What went wrong and how it was fixed
Link River Dam was built in 1921 to raise the level of Upper Klamath Lake and direct water into Klamath Project diversion canals. Copco, the predecessor of PacifiCorp, installed generators at the dam and operated it on cue from BuRec.

In 1926, the state of Oregon designed fish ladders to restore upstream passage at Link River Dam. Mark Buettner, a U.S. Fish and Wildlife Service biologist, said trout specifications, with two-foot jump pools, were used. The ladder was on the Link River’s left bank, across the stream from the dam’s most frequent discharge point.

That meant the ladder attracted few fish, and more important it was too steep for the sucker fish sacred to the upstream American Indians.

“They don’t jump,” said Buettner of sucker fish.

USFWS wrote orders to BuRec to install screens keeping fish out of the irrigation canals, and to replace the Link River fish ladders. Both of those orders were ignored for one reason or another until the spotlight turned on the Klamath Project in 2001. The new fish screens came first, the fish passageway second.

To make this one work, Buettner said a 3 percent grade is used and instead of jump pools, the long passageway has a group of baffles that let sucker fish rest before battling the current. Already, said Buettner, two suckers tagged a couple of years ago below the dam have migrated into Upper Klamath Lake. He expects the migration to upper watershed spawning grounds will pick up speed as fish discover the new facility.

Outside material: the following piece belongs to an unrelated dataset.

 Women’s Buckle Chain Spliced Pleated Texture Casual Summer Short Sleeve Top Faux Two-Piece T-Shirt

Klamath Project celebrates 100 years with promise

Tam Moore
Oregon Staff Writer

KLAMATH FALLS, Ore. – Celebration of the centennial of the Klamath Reclamation Project began Oct. 11 with homage to cooperation that fixed an 84-year-old fish passage problem. There was also a reminder from three American Indian tribes that if the United States had honored terms of an 1864 treaty, the fish wouldn’t be in trouble.

“This is a recognition that the federal government is finally beginning to live up to its trust responsibility to the Klamath tribes,” said Allen Foreman, chairman of the tribal council that includes Klamath, Modoc and the Yahooskin band of Paiute Indians.

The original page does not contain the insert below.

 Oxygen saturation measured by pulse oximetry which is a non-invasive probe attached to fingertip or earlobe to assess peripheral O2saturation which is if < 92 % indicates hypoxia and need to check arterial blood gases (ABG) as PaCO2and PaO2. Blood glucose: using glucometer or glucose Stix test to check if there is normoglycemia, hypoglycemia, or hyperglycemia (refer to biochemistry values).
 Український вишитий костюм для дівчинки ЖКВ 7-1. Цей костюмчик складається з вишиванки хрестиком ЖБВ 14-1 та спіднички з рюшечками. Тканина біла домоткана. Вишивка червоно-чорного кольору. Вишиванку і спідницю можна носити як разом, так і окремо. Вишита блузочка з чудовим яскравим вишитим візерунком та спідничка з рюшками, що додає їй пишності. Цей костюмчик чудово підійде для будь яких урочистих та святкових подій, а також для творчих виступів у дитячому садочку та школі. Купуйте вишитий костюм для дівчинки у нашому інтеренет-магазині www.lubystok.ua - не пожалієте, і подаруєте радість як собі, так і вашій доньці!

U.S. Reclamation Commissioner John Keys joined Foreman on the podium next to the Link River Dam. The first thing he said was “We know these fish are sacred to your tribe.”

BuRec came late to the issue of fish passage for the Lost River and shortnosed sucker fish, native to several of the Klamath Lakes and once a significant fishery for the tribes. In the 1864 treaty they were promised “hunting, fishing and gathering” rights as they existed in pre-treaty times.

This month in 1905, less than one mile from where Keys and Foreman spoke, BuRec’s predecessor agency turned the first shovelful of dirt for what is now known as the “A Canal” of a project that brings water to about 200,000 acres of cropland on both sides of the California-Oregon border.

The sucker fish went on the Endangered Species List in 1988. In 2001, a drought year, the national spotlight shifted briefly to the Klamath Project when, under orders from U.S. Fish and Wildlife Service and what is now NOAA Fisheries, BuRec refused to honor its irrigation delivery contract to about 1,400 farmers; the government found the scarce water needed as habitat for the sucker fish and endangered coho salmon downstream in the main Klamath River.

For all the recent problems, said Merrill farmer Steve Kandra, president of the Klamath Water Users Association, the project has benefited the community.

“We need to acknowledge what a good thing this project is; the Bureau of Reclamation has been good to this community for all these years.”

Kandra, like Foreman, also celebrated the partnership between tribes, farmers, government agencies and others that resolved the fish ladder problem.